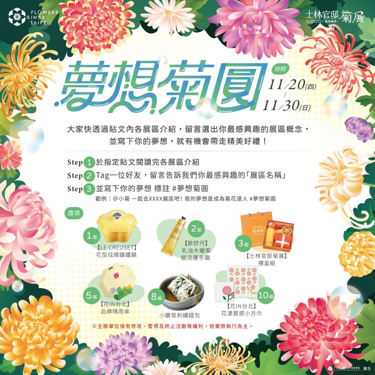 | 抽獎活動 至活動貼文看完介紹並留言即可參加 獎項: LE CREUSET-花型琺瑯鑄鐵鍋 歐舒丹乳油木蠟菊賦活護手霜 小雛菊刺繡錢包 花IN台北-晴雨傘 菊花小方巾 | 11/20(四)~11/30(日) 士林官邸FB |
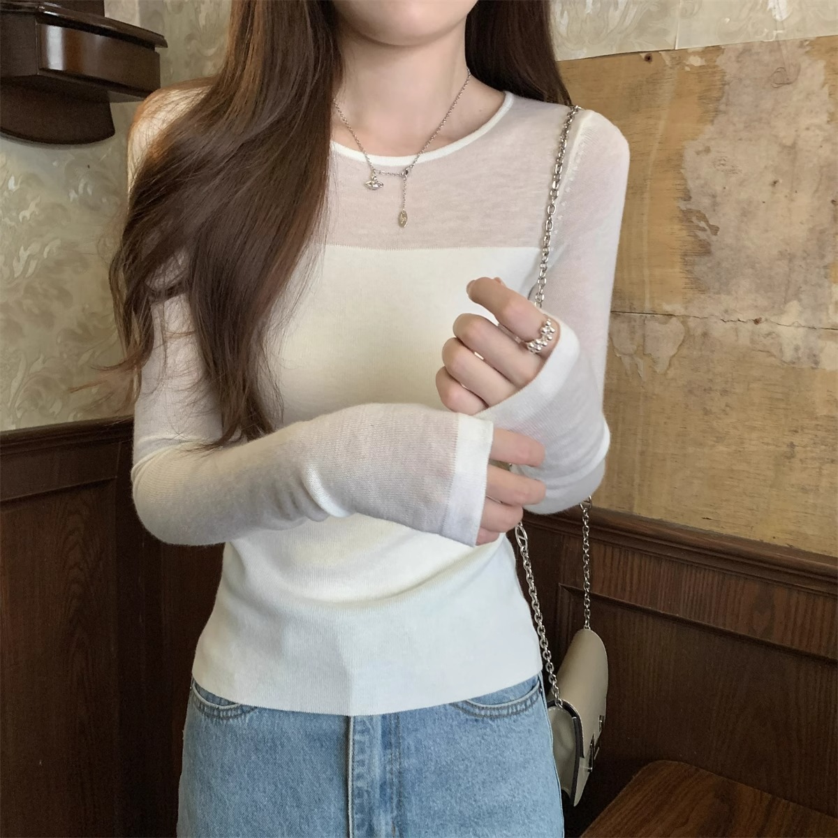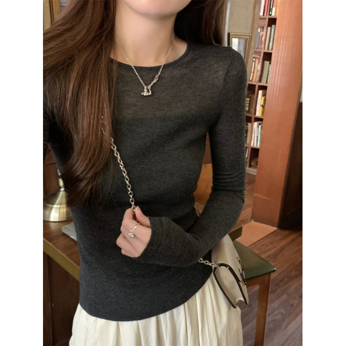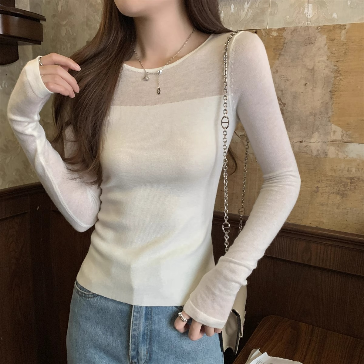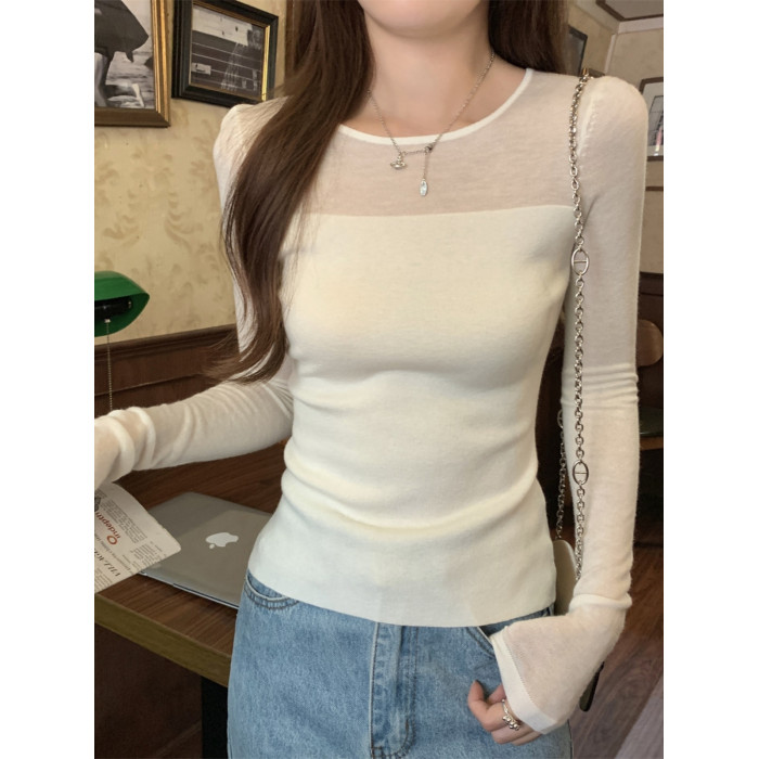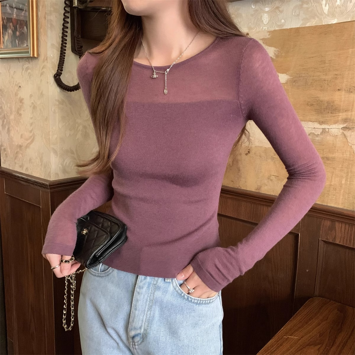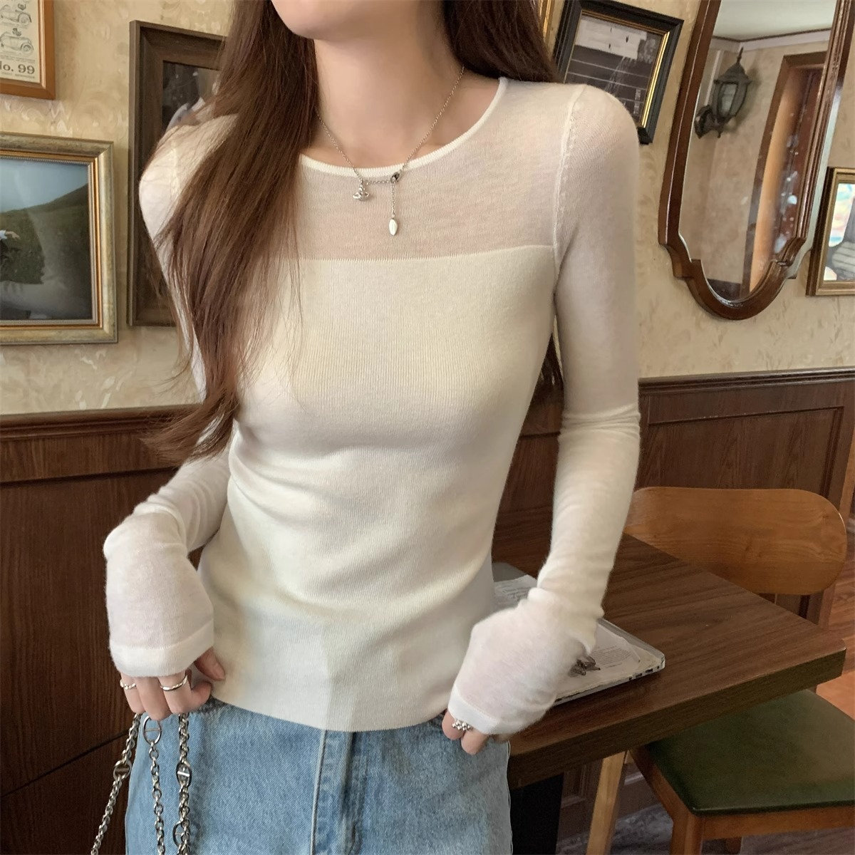 拉夏貝爾杏色針織打底衫女春秋2025年新款高級感內搭修身長袖上衣
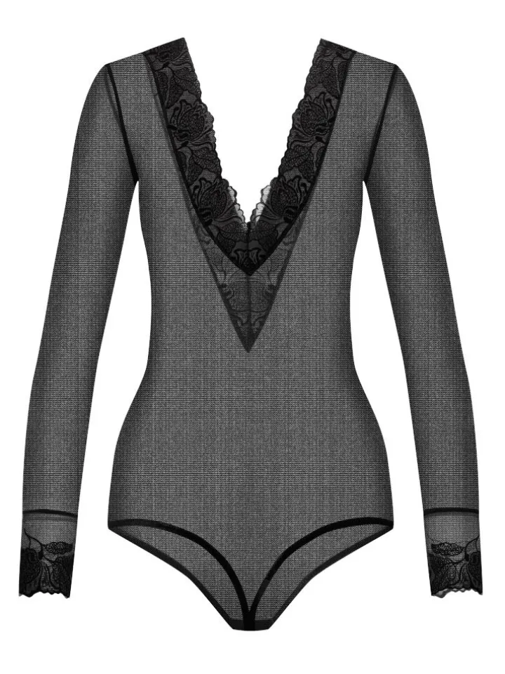 Langarm Body Tulipe aus Tüll schwarz von Cadolle
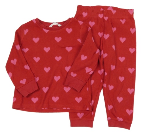 Červené fleecové pyžamo se srdíčky M&S
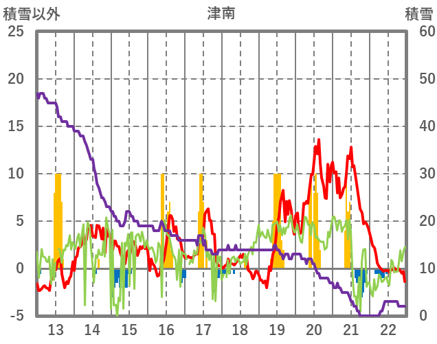 | 日 | 時 | 気温 | 降水 | 風向/風速 | 日照 | 積雪 | 降雪 |
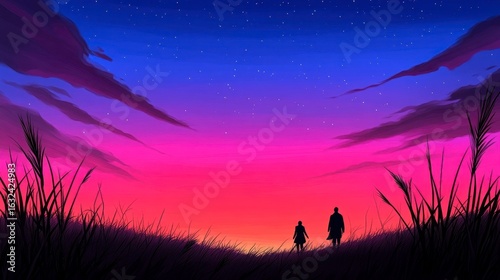 Silhouetted Figures at Sunset Pixel Art Landscape
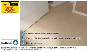 Goodhome - lame pvc clipsable mambo, effet bois naturel, l. 124 x 19 cm x ep. 4,5 cm : offres et promos Castorama à découvrir
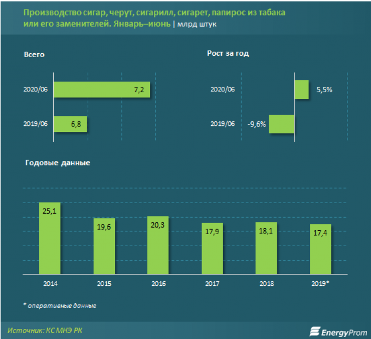 За январь – июнь 2020 года в стране произвели 7,2 миллиарда сигарет, сигар, папирос и прочих табачных изделий, это на 5,5 процента больше, чем годом ранее. В денежном выражении табачных изделий было выпущено на сумму 84,7 миллиарда тенге.
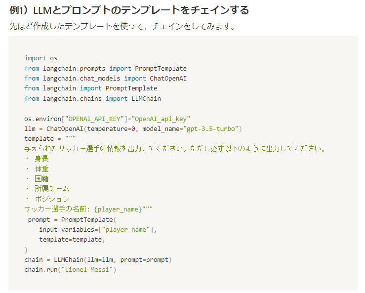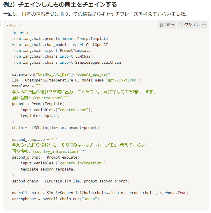 最後にChain機能で試してみます。元のページで、Chain機能を使用したコード例を記載しています。その内容が取得できる事を期待しています。以下の画像がその内容になります。
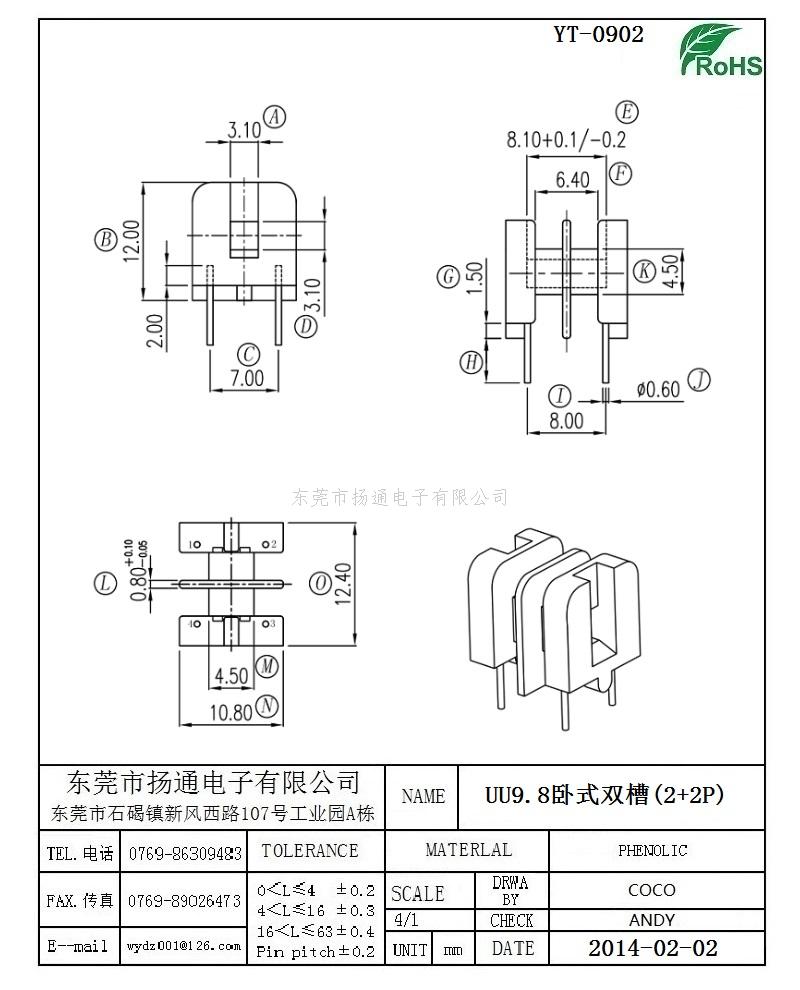 UU9.8变压器骨架UU9.8电木骨架UU9.8高频骨架 卧式双槽2+2P YT-0902
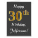 This simple birthday card design features the message "Happy 30th Birthday", with the "30th" having a faux gold-like appearance. It also features a custom name, and a gray background. It could be given to somebody who is celebrating their thirtieth birthday.
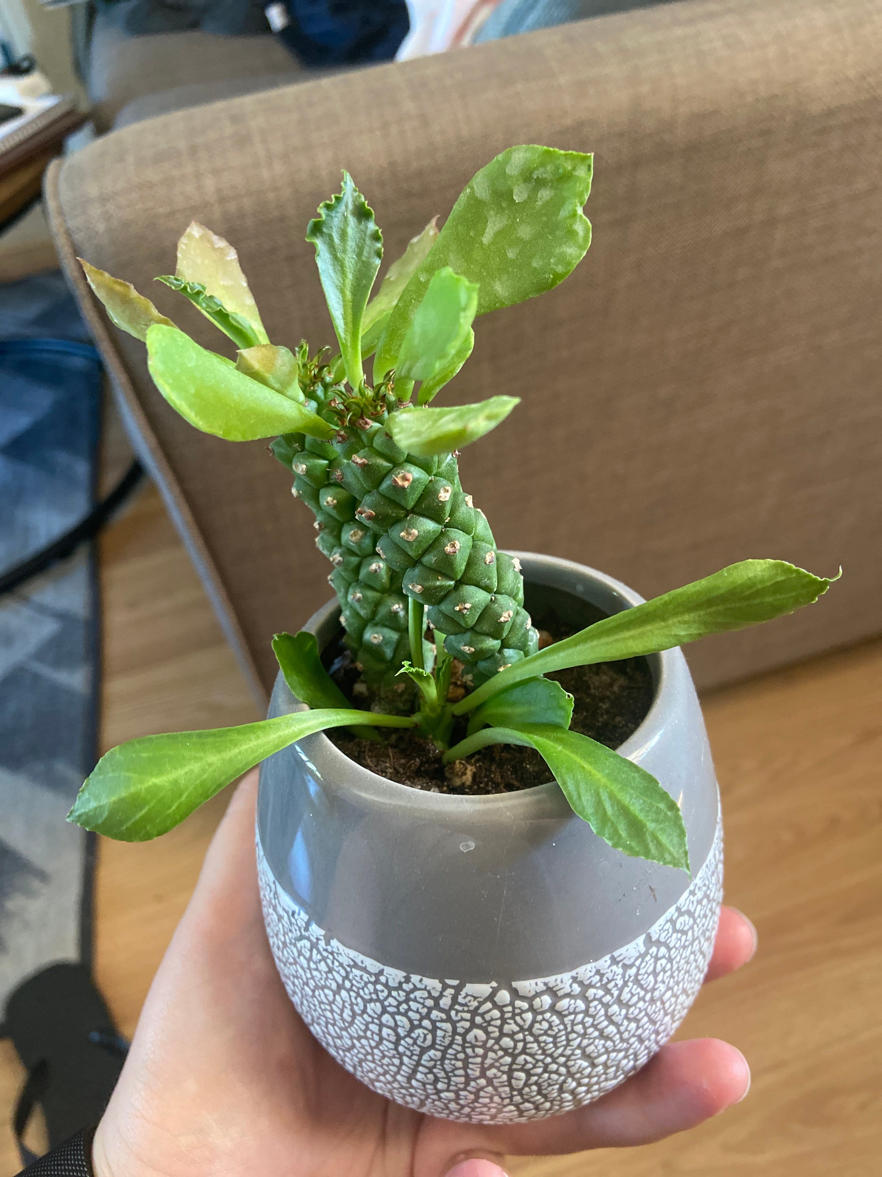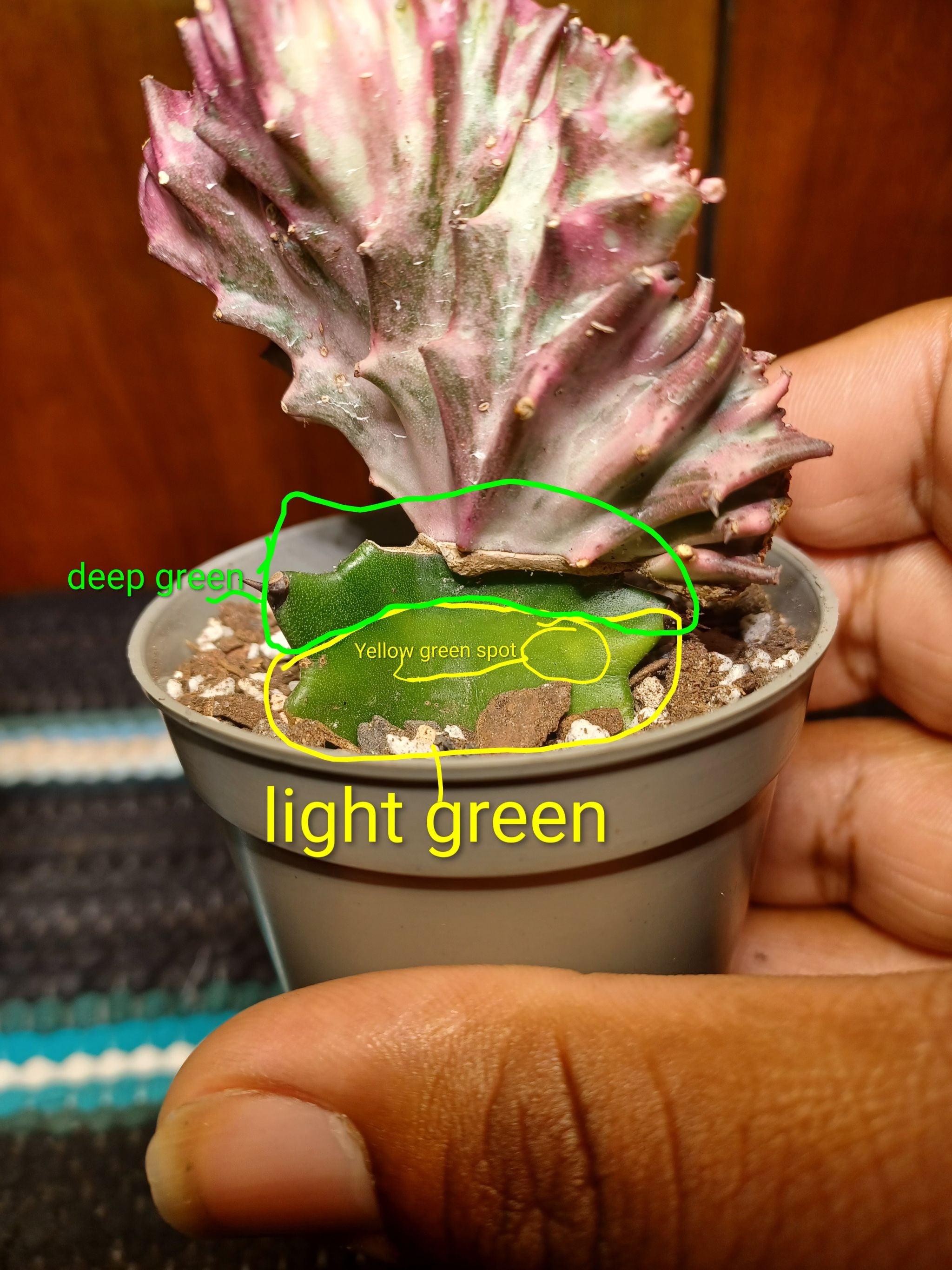 Is this normal? Please tell me i'm right🥺🙏 @SirLiquorice #euphorbia I don't understand why nobody notices this on reddit i mean the lower part of the euphorbia is light green and it is rising up to the deep green on top of the graft and it can be seen on the growlight that's above it. Has anyone see this happened before and please tell me the answer that is it going to be fine or not?😟
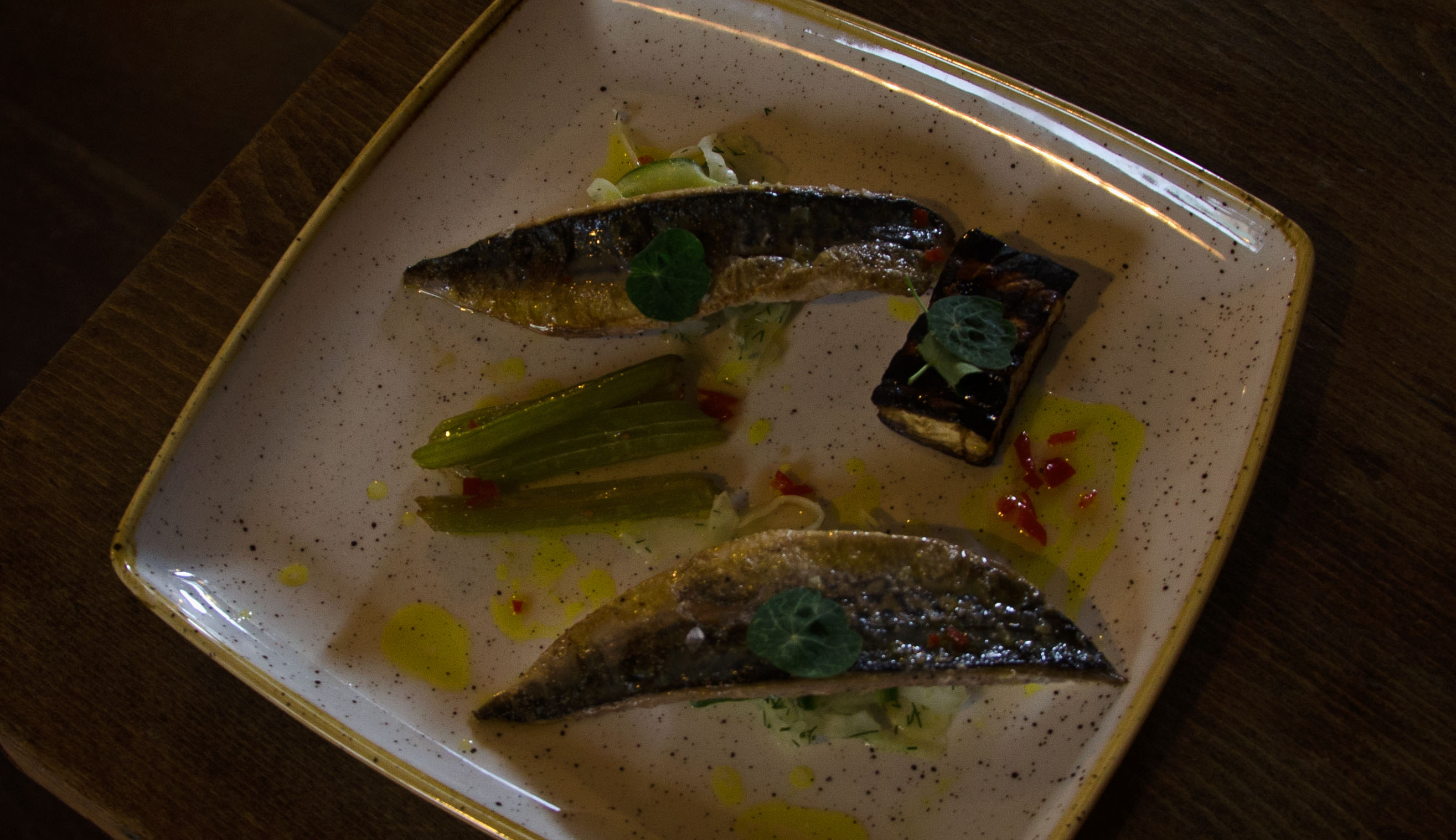 I chose the pan-fried mackerel and barbecued celeriac with lime and chilli dressing for my main course which was on the set menu. Two sizeable mackerel fillets were presented, each atop a small pile of shaved fennel dressed in dill. The fish was perfectly cooked and worked so well with the subtle aniseed flavours beneath. I also adored the flavour of the oblong-shaped barbecued celeriac – the slightly charred and smoky taste worked well with softness of the rest of the dish.

* * * * * * * * *

--- WHAT THE TASK ASKS ---
Exclude the pictures and give back the rest of the data above exactly as written.

--- RESPONSE TO THE TASK ---
 | 抽獎活動 至活動貼文看完介紹並留言即可參加 獎項: LE CREUSET-花型琺瑯鑄鐵鍋 歐舒丹乳油木蠟菊賦活護手霜 小雛菊刺繡錢包 花IN台北-晴雨傘 菊花小方巾 | 11/20(四)~11/30(日) 士林官邸FB |
 拉夏貝爾杏色針織打底衫女春秋2025年新款高級感內搭修身長袖上衣
 Langarm Body Tulipe aus Tüll schwarz von Cadolle
 Červené fleecové pyžamo se srdíčky M&S
 | 日 | 時 | 気温 | 降水 | 風向/風速 | 日照 | 積雪 | 降雪 |
 Silhouetted Figures at Sunset Pixel Art Landscape
 Goodhome - lame pvc clipsable mambo, effet bois naturel, l. 124 x 19 cm x ep. 4,5 cm : offres et promos Castorama à découvrir
 За январь – июнь 2020 года в стране произвели 7,2 миллиарда сигарет, сигар, папирос и прочих табачных изделий, это на 5,5 процента больше, чем годом ранее. В денежном выражении табачных изделий было выпущено на сумму 84,7 миллиарда тенге.
 最後にChain機能で試してみます。元のページで、Chain機能を使用したコード例を記載しています。その内容が取得できる事を期待しています。以下の画像がその内容になります。
 UU9.8变压器骨架UU9.8电木骨架UU9.8高频骨架 卧式双槽2+2P YT-0902
 This simple birthday card design features the message "Happy 30th Birthday", with the "30th" having a faux gold-like appearance. It also features a custom name, and a gray background. It could be given to somebody who is celebrating their thirtieth birthday.
 Is this normal? Please tell me i'm right🥺🙏 @SirLiquorice #euphorbia I don't understand why nobody notices this on reddit i mean the lower part of the euphorbia is light green and it is rising up to the deep green on top of the graft and it can be seen on the growlight that's above it. Has anyone see this happened before and please tell me the answer that is it going to be fine or not?😟
 I chose the pan-fried mackerel and barbecued celeriac with lime and chilli dressing for my main course which was on the set menu. Two sizeable mackerel fillets were presented, each atop a small pile of shaved fennel dressed in dill. The fish was perfectly cooked and worked so well with the subtle aniseed flavours beneath. I also adored the flavour of the oblong-shaped barbecued celeriac – the slightly charred and smoky taste worked well with softness of the rest of the dish.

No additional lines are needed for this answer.